As AI models grow in scale and complexity, realizing the full performance of modern accelerated infrastructure depends as much on how workloads are placed as on the hardware itself. NVIDIA GB200 NVL72 delivers exascale compute in a single rack, unlocking real-time trillion-parameter models. Yet capturing that performance in a shared cluster requires schedulers that understand the system architecture and align jobs with its network topology.

This post explains how Slurm topology-aware job scheduling works on NVIDIA GB200 NVL72, and provides scheduling recommendations for optimal GPU occupancy.

How does NVIDIA GB200 NVL72 deliver exascale compute?

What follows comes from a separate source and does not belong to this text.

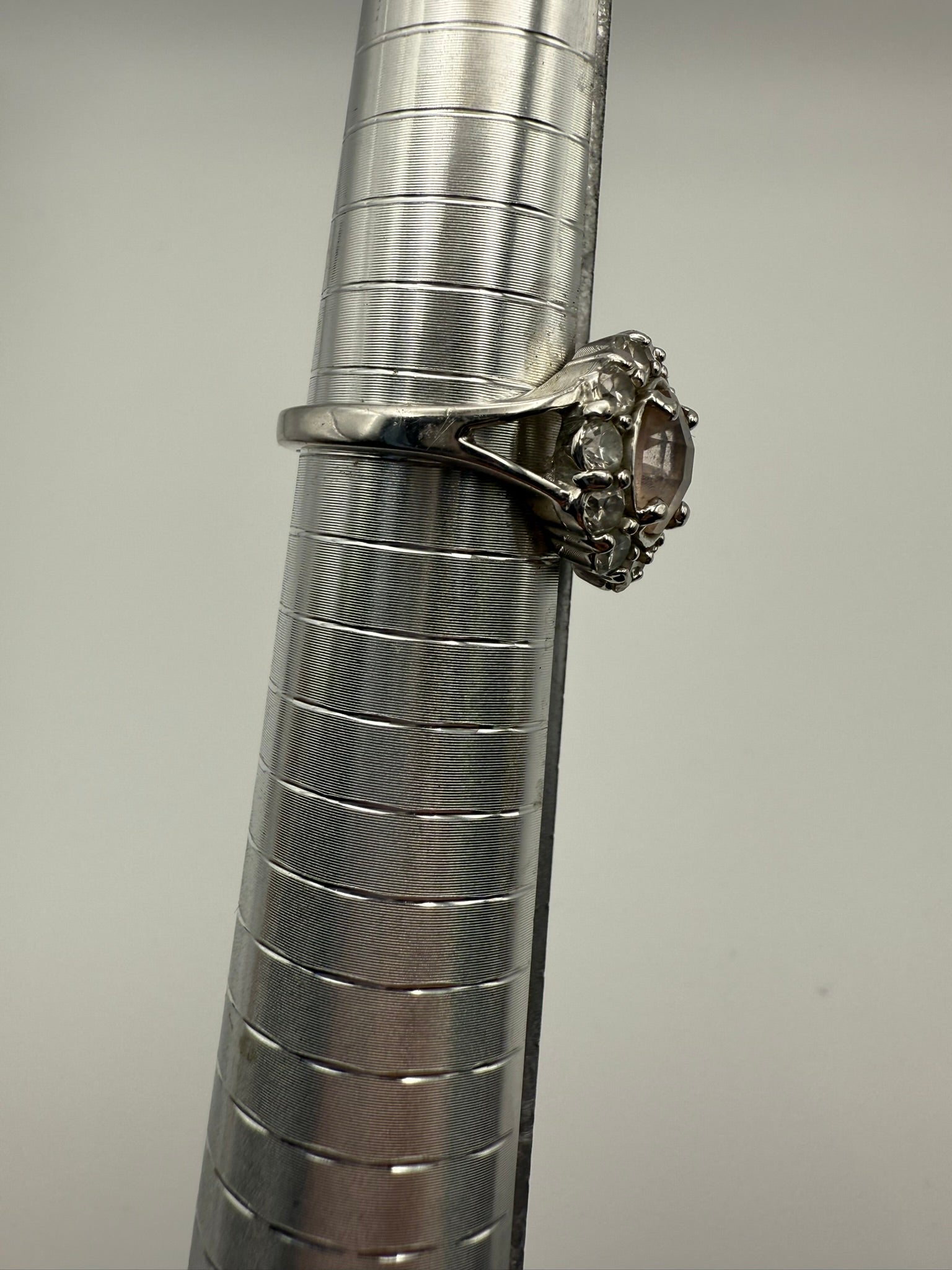 This elegant vintage ring features a softly faceted round center stone in warm pinky-peach tones, framed by a delicate halo of clear accent stones. The silver-tone setting adds a timeless finish, while the balanced scale keeps the look refined rather than bold. Subtle sparkle and classic proportions make this piece perfect for everyday wear or effortless layering.
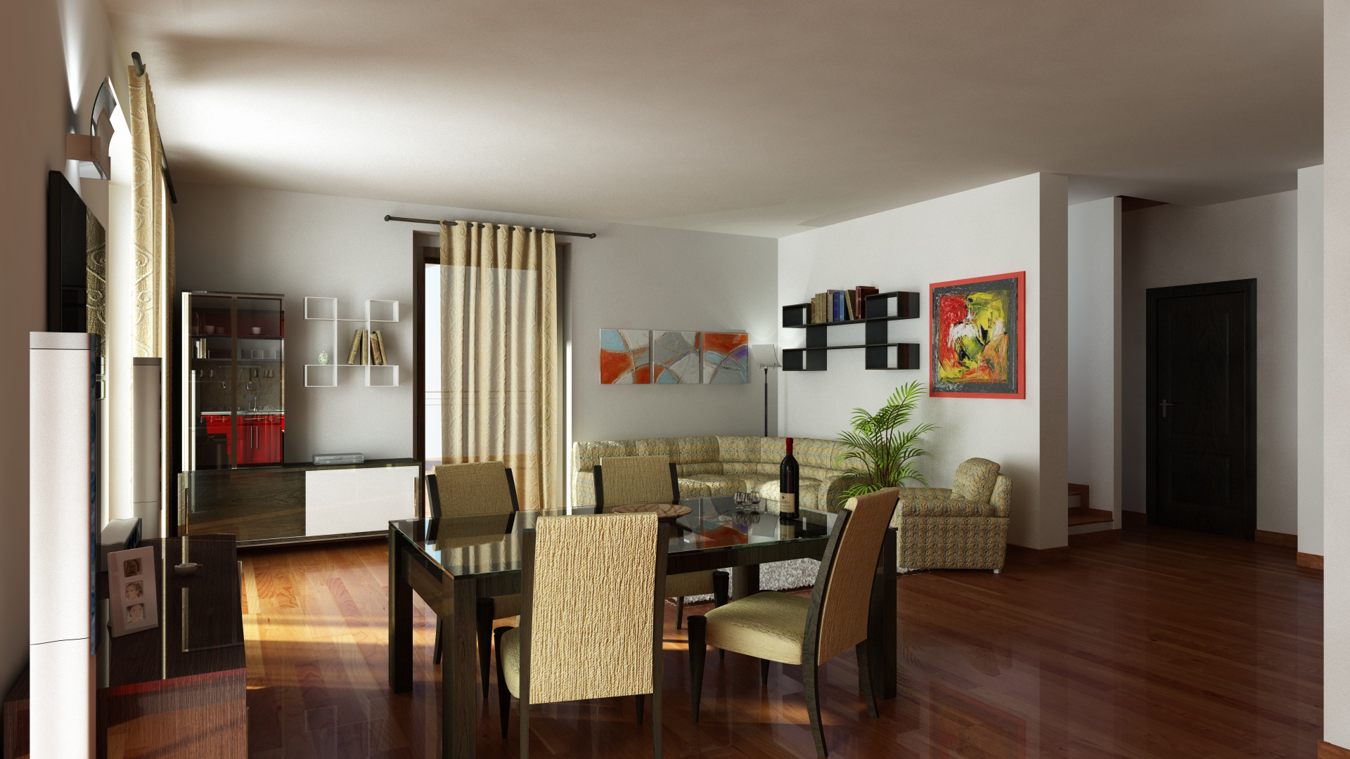 nuova visuale... c'è qualche sbaglio come il bump delle sedie troppo elevato.. poi non mi piace il mobile che riflette la cucina.. confonde un po le idee...

NVIDIA GB200 NVL72 is an exascale computer in a single rack. With 72 NVIDIA Blackwell GPUs interconnected by the largest production scale-up compute fabric, NVIDIA NVLink provides 130 terabytes per second (TB/s) of low-latency GPU communication bandwidth for AI and high-performance computing (HPC) workloads. Multiple GB200 NVL72 systems combined in a cluster create hierarchical network topology with large domains of very high networking bandwidth.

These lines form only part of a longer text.